Podocarpus Bonsai Tree Care Guide
Podocarpus macrophyllus is a slow-growing evergreen also known as Yew and Buddhist Pine. This native of China and Japan may grow to 40 to 50 feet tall in its natural habitat and is popular as a bonsai because of its graceful elegance and easy care.
The foliage on this tree resembles needles but is actually comprised of leathery green flattened leaves about two inches long. The bark tends toward a gorgeous cinnamon shade, and the trunk bears a gentle curvature. The tree may produce fruit that is green to purple, darkening to black by fall.
The Yew prefers warmer temperatures and should not be in an environment that dips below 55 degrees Fahrenheit. This tree likes a lot of light so if grown indoors should spend plenty of time in a sunny window. When outside, give protection from hot summer afternoons as the leaves could become burned. Podocarpus does not enjoy dry heat, so misting or the use of a humidity tray (a shallow tray of water filled with stones or other buffering material to keep the plant from sitting in water) can be useful in dryer areas.
Buddhist Pine bonsai should be kept moist enough so that the root ball does not dry out, but not so saturated that root rot becomes a problem.
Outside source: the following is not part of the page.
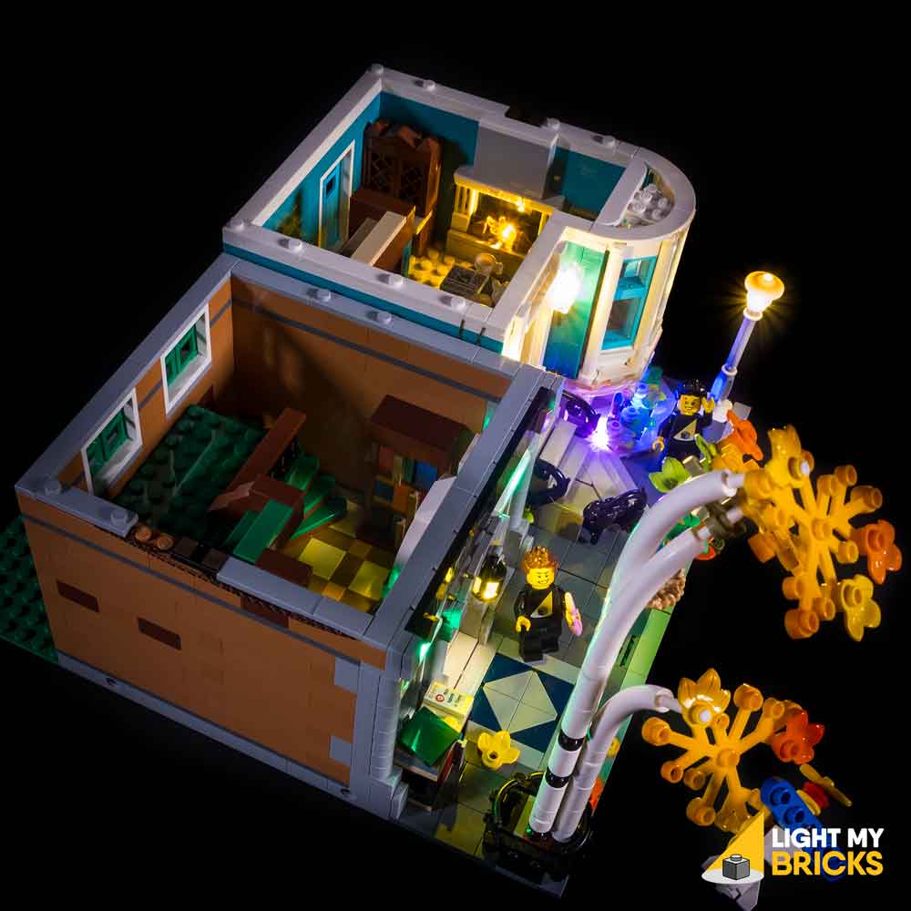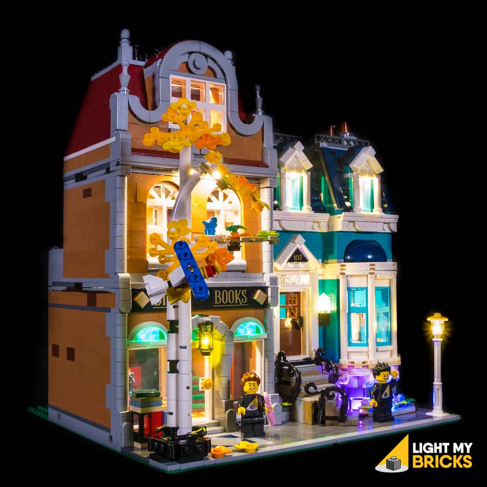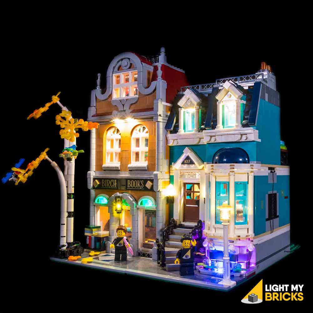 The Light My Bricks Bookshop light kit comes with 26 individual lights and comes with a host of features. Included are wireless connectors between each storey, allowing full access and playability of your modular.

It is not a drought-tolerant tree, so careful attention should be paid to the moisture level of the soil. Gray needles can indicate over-watering.
Podocarpus bonsai love fertilizer cakes and fish emulsion. If grown indoors the odor may be too much; in that case apply a liquid bonsai formula every other week during the spring and summer and every six weeks in the winter. This tree will also do well with chelated iron dosed twice a year, as well as being watered for about a week with a blend of one tablespoon Epsom salts in one gallon of water.
Styles – Yew bonsai are suitable for a variety of shapes including formal upright, informal upright, literati, slanting, group, and root-over-rock.
This tree can be encouraged to develop side branching by aggressive pruning, which stimulates vigorous back budding. Pinch back growth as desired according to the shape you're trying to achieve, and remove large leaves. Pinching off half of the bud will result in leaf reduction; do not cut the leaves because they will brown and it may not result in a smaller leaf growing back.
Wiring may be carried out on Podocarpus, however it should be done cautiously as older wood tends to become rigid and break if bent too far. Leave wires in place for two to three months, monitoring frequently for signs of the wire cutting into the bark.
Driftwood incorporated into the area at the base of the trunk makes an especially striking design element with this species.
The Yew may be propagated easily by way of cuttings. Take softwood cuttings and place them in water until you see roots, then move them into a good quality, well-draining soil made for bonsai. Hardwood cuttings may be used but they will require rooting hormone and possibly bottom heat. It is possible to grow this tree from seeds, if you can obtain them.
Repot this specimen in the spring, every three to four years. Be judicious with root pruning – about ten percent removal is sufficient. Replant in slightly acidic, well-draining soil.
Insects/Pests & Diseases:
Podocarpus macrophyllus is susceptible to a number of pests and problems, namely sooty mold caused by sucking insects like aphids, scale, and mealy bugs. Watch carefully for signs of spots that looks like dirt on the leaves and branches of the tree. This could indicate the presence of sooty mold – a fungus that grows on the honeydew (sticky, sweet substance) left behind by these insects.
If you do see sooty mold, it's important to understand that a fungicide will not cure the problem. You must eradicate the pests, then the fungus will usually go away on its own. If you see any of these sucking bugs on your bonsai (mealy bugs can sometimes only be seen on the roots, although they can appear as little white dots at the bases of leaves as well) immediately give the plant a rinse in a jet stream of water. Then spray with a solution of a teaspoon of liquid dish soap in a quart of water. Rinse the plant with plain water after the soapy bath.
Scale will need to be removed one at a time by hand or by applying rubbing alcohol to their hard outer shell.
If the fungus does not begin to subside shortly, an insecticide may be necessary. Do not wait too long to treat the bonsai, as sooty mold can overtake a plant very quickly.